In this moment, I am happier than my words can explain. It’s amazing to know that Aaron has moved on and is not dwelling on our past, but what’s even more amazing is that because of Christ, I have moved on and I am not dwelling on our past.
On one hand, it’s sad that the moving on occurred so quickly. It took only six and a half months for him to get over a cumulative, three year relationship which makes it seem like there was no substance (or worse, no love) on his end, but regardless of whether or not that’s true, what matters to me is that there was love on my end. I can honestly say that I loved him then and that I love him even now. But without Christ, I wouldn’t have been empowered to do so. Without Christ, I would probably be heart-broken right now. But because of His awesome and all-powerful love, He has given me strength, He has given me faith, and He has given me love.

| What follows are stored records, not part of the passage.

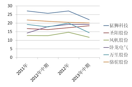 據猛獅科技2012年的年報披露,公司產品毛利率高達25.86%,處于行業上市公司最高水平,遠高于同行業平均17.40%,在同行業中猛獅科技并未有規模效應和壟斷性來獲取較高毛利率的優勢。猛獅科技2011年毛利率高達27.09%,隨后逐年下滑,3季度更是下滑到19.76%,接近行業平均水平,所以猛獅科技2011年27%左右的毛利率或存在一定的水分。而公司近期的毛利率水平或回歸為猛獅科技真實的狀況。所以不排除猛獅科技財務上有粉飾報表的嫌疑。
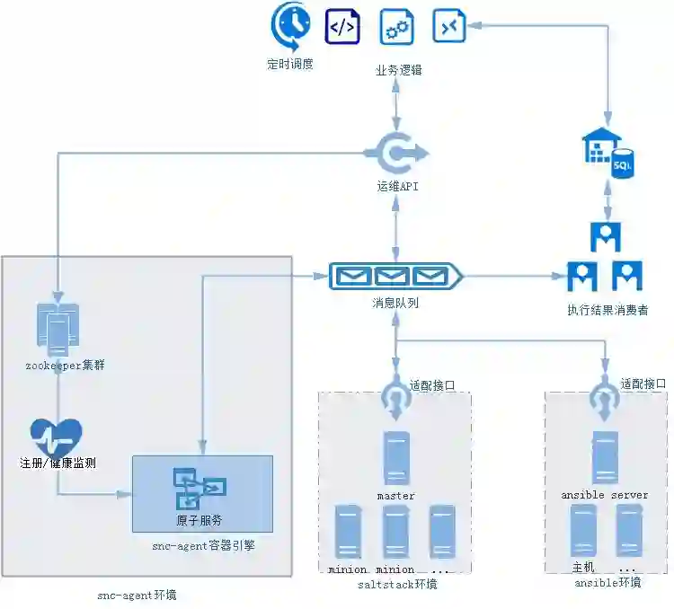 除了兼容Ansible和SaltStack环境外,增加了snc-agent集群环境,用于弥补SaltStack在非主流系统支持上的不足。
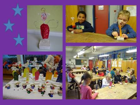Wochenlang war das Klassenzimmer der 2a eine „Weihnachtswerkstatt“. Mit viel Fleiß und Liebe wurden himmlische Engelchen für den Weihnachtsmarkt hergestellt. Auch der Technikraum wurde von den kleinen Heinzelmännchen belagert. Der Verkauf auf dem Weihnachtsmarkt bereitet ihnen große Freude und es wurde wild gerechnet – so viel Spaß kann Mathe machen!

I never thought that being happy for Aaron in the way that I’m happy for him right now would be possible. There was a time when I thought love meant being selfish. There was a time when I thought love meant holding on to someone even if they wanted you to let go. There was a time when I thought love meant being loved back. But in this hot pursuit for the heart of the Lover of my soul, I finally realized that love is a one-way street; it asks for nothing in return. God loved me first, He loved me before I loved Him and He loved me even after I turned away. He is the ultimate example of True Love.
In this life, people move on. We are programmed to meet people, love people, and leave people when God tugs at our hearts and changes the season. But while loving and losing is the fate of this world, the eternal fate we inherit is an everlasting and unfailing love, given only by the Heavenly Father. He is the only one who can answer the cries of our hearts.

How blessed are those who are able to move on and be happy because of the power of Christ’s love.